We have a media only too eager to believe the worst about the security forces and the behaviour of some of those men would give some justification to that bias. The leadership of the security forces must somehow get it into the heads of these arrogant, power-mad, trigger-happy and irresponsible security men that we are in a serious war against terrorists and we need the support of all decent people, including decent poor and unemployed people. Mashing up people's equipment needlessly and physically abusing them set back the country and set communities against them.

We must carefully, systematically and surgically investigate the various charges flying about soldiers just taking out people and killing them in cold blood; soldiers lining up people in their homes and killing them. Scepticism is always a good starting point in trying to evaluate truth claims. Many of us are too gullible - including many in media.

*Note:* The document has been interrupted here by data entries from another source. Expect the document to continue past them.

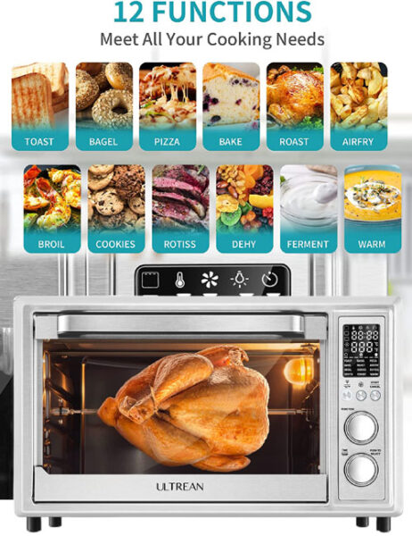 - Capacity: 32qt/30L; 12 inch large pizza, 5.5 pounds family size chicken or 350g french fries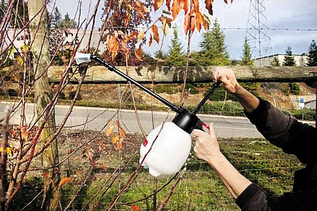 Для высоких деревьев в садовых магазинах доступны опрыскиватели с телескопическими штангами, которые позволяют добраться до высоких крон, достигая до трех метров.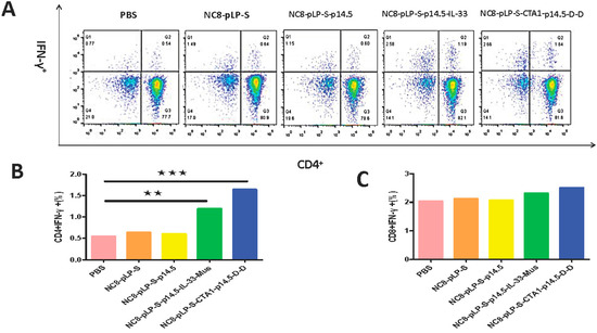 Flow cytometry to detect IFN-γ secretion. (A) Changes in CD4+IFN-γ+ in the spleen; (B) Statistical histogram of CD4+IFN-γ+ changes in spleen; (C) Statistical histogram of CD8+IFN-γ+ changes in spleen. The degree of B cell differentiation in descending order is the CTA1-DD adjuvant group, IL-33 adjuvant group, single antigen group, empty vector group and the control group. ** p < 0.01 and *** p < 0.001 compared with PBS group.

There are commentators who believe that young, innocent boys were taken and murdered just because people told them so. Just on hearsay "evidence". They were not there. They know some of these people have reasons to lie. They see bloodstains and conclude "murder!" They would flunk any first-year philosophy college course in logical thinking. I plead for less gullibility among my media colleagues.

Don't believe the security forces automatically. Question official reports, but don't assume that residents are necessarily telling the truth. Some of us have been too reckless with the rules of evidence and logic. I am for a commission of enquiry to get the stinking truth. I am for rigorous investigation. Violations of human rights and human dignity harm terribly the fight against crime. We need citizen support. We need the support of Jamaicans for Justice as well as Families Against State Terrorism.

We need the support of civic groups and ordinary working-class Jamaicans. If the security forces are proven to be abusers, we can't win this fight against criminality. But, please, we can't stop the fight against the criminals now. We must "move on to Baghdad", as it were. Don't let our grieving for the loss of life immobilise us. Indeed, we should not let the innocents of war die in vain.